RECORD SET:
================

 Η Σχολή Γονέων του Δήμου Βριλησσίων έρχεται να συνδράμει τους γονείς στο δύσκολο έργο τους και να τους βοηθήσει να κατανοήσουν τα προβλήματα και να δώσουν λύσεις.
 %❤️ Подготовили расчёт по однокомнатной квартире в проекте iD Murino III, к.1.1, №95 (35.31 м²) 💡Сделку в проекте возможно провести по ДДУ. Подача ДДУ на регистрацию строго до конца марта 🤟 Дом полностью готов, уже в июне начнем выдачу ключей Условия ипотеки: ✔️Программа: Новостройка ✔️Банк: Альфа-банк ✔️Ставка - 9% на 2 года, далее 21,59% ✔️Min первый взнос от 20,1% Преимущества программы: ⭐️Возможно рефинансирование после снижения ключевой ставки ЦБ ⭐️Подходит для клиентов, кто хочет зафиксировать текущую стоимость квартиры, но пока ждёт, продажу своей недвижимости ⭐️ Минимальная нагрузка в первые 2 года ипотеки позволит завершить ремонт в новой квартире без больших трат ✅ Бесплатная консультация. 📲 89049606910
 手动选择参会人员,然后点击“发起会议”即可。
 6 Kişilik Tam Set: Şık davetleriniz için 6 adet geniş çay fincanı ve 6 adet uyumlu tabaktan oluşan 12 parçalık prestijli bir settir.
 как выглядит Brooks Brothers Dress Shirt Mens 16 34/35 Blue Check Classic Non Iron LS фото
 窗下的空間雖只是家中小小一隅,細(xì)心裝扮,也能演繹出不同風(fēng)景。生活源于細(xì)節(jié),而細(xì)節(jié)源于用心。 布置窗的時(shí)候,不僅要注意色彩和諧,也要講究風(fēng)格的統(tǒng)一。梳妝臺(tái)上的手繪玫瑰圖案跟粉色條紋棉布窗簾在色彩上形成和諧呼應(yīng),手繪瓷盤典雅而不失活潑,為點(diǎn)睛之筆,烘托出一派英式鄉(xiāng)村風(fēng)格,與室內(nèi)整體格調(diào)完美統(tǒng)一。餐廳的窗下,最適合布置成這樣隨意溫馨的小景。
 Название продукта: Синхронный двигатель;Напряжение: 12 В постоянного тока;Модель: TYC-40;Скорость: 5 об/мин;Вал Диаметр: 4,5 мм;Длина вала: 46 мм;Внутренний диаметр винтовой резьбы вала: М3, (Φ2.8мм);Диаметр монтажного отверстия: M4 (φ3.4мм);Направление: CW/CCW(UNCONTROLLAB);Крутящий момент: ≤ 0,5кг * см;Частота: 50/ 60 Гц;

================

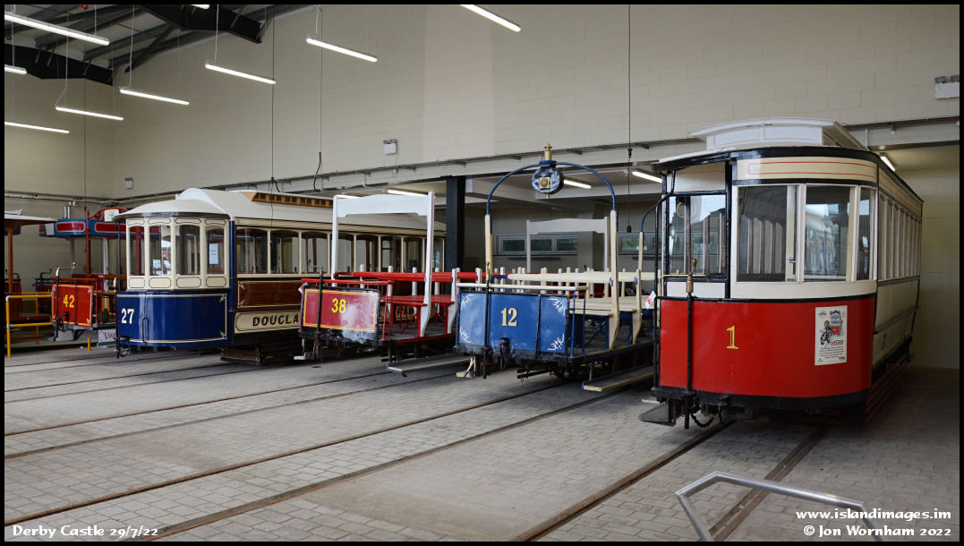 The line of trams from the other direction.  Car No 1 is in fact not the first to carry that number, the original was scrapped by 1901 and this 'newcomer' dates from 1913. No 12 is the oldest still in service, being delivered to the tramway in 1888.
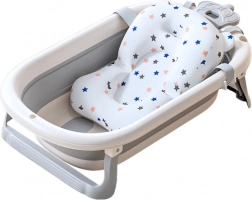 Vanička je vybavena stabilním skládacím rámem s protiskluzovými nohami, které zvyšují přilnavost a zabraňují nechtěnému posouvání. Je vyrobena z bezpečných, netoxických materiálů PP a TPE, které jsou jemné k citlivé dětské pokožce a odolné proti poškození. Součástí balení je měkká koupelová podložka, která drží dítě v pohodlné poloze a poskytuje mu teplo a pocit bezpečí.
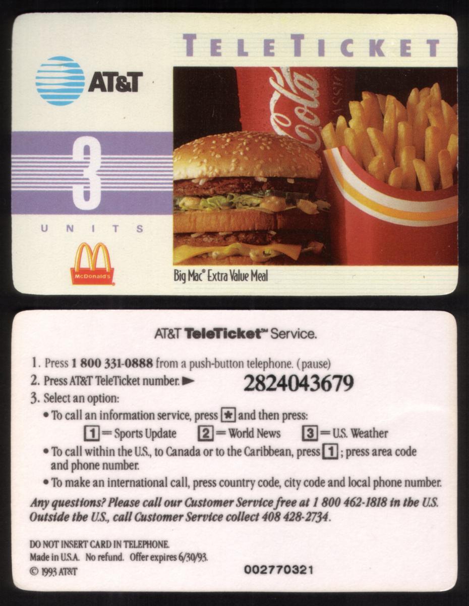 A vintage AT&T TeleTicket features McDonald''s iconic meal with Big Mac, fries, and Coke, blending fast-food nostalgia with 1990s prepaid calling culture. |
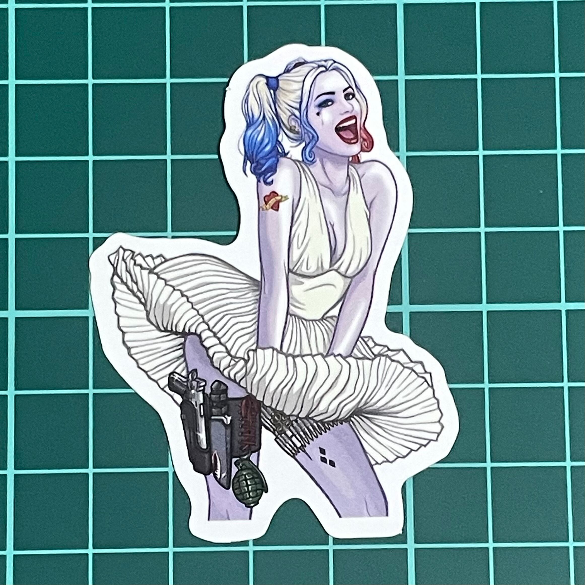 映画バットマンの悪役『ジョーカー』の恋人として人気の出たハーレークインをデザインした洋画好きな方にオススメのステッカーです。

================

PROBLEM TO WORK ON: Beginning with the line containing "Η Σχολή Γονέων" and ending with the line containing "как выглядит Brooks", extract those lines exactly from the listing above, and only those.

RESPONSE BOX:
 Η Σχολή Γονέων του Δήμου Βριλησσίων έρχεται να συνδράμει τους γονείς στο δύσκολο έργο τους και να τους βοηθήσει να κατανοήσουν τα προβλήματα και να δώσουν λύσεις.
 %❤️ Подготовили расчёт по однокомнатной квартире в проекте iD Murino III, к.1.1, №95 (35.31 м²) 💡Сделку в проекте возможно провести по ДДУ. Подача ДДУ на регистрацию строго до конца марта 🤟 Дом полностью готов, уже в июне начнем выдачу ключей Условия ипотеки: ✔️Программа: Новостройка ✔️Банк: Альфа-банк ✔️Ставка - 9% на 2 года, далее 21,59% ✔️Min первый взнос от 20,1% Преимущества программы: ⭐️Возможно рефинансирование после снижения ключевой ставки ЦБ ⭐️Подходит для клиентов, кто хочет зафиксировать текущую стоимость квартиры, но пока ждёт, продажу своей недвижимости ⭐️ Минимальная нагрузка в первые 2 года ипотеки позволит завершить ремонт в новой квартире без больших трат ✅ Бесплатная консультация. 📲 89049606910
 手动选择参会人员,然后点击“发起会议”即可。
 6 Kişilik Tam Set: Şık davetleriniz için 6 adet geniş çay fincanı ve 6 adet uyumlu tabaktan oluşan 12 parçalık prestijli bir settir.
 как выглядит Brooks Brothers Dress Shirt Mens 16 34/35 Blue Check Classic Non Iron LS фото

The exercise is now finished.